En realidad, para un país progresista como Israel no debe ser agradable ver como se desangra económicamente por su alto presupuesto militar, además de la virtual ausencia de nuevas inversiones y el turismo a causa de los ataques terroristas, sin contar las continuas bajas civiles y militares. Por otra parte, tampoco pueden seguir enguerrillados con sus vecinos para siempre, y se dan cuenta que cada represalia aleja más las posibilidades de una convivencia pacífica con los palestinos. Por esto, la eventual candidatura de Mitzna puede constituir una verdadera sorpresa que cambiaría totalmente el panorama político de la región y –si logra revivir el plan de paz basado en el retiro gradual de las zonas ocupadas- eliminaría de plano una de las excusas que tienen los terroristas para sus acciones, desenmascarándolos ante la comunidad mundial como grupos que sólo promueven oscuros intereses personalistas o foráneos, sin preocuparse mucho por el bienestar de los pueblos. Por otra parte, los palestinos acudirían gustosamente a una mesa de negociación liderada por los laboristas, propulsores del plan de paz de Oslo/Madrid hace una década.

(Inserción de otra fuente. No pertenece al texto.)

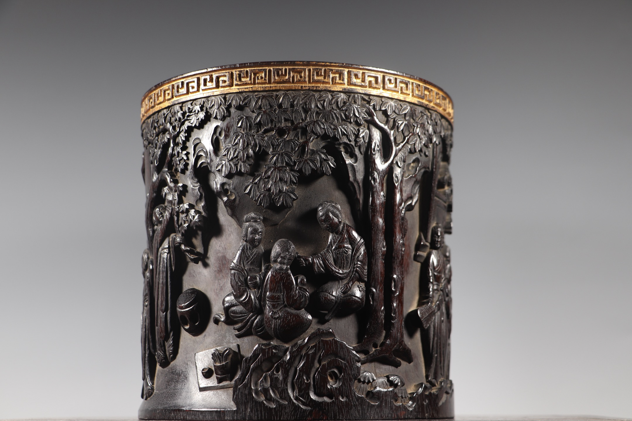1001 紫檀木十二金钗人物诗文鎏金笔筒

Ante una eventual iniciativa de paz, los países europeos –con su unión fortalecida por el Euro y una Otan ampliada-- pueden jugar un papel importante, al presionar a Washington para que trasfiera su apoyo al partido laborista, pues una victoria de Mitzna facilitaría también una democratización gradual –sin acudir a la presión militar, como en el caso de Iraq-- tanto de la Autoridad Palestina como de otros gobiernos autoritarios de la región, eliminando así un frente conflictivo que podría hacer concentrar los esfuerzos de Occidente en su cruzada contra el terrorismo criminal y pseudo-nacionalista, apoyado en el factor étnico-religioso y asociado frecuentemente al complejo problema palestino. Al finalizar este conflictivo año que ha sido el 2002, al menos queda esa esperanza y los países de la Alianza Atlántica deberían alimentarla, si realmente quieren propiciar un período más constructivo que el actual, enfocado en actitudes poco civilizadas como la hegemonía y la guerra.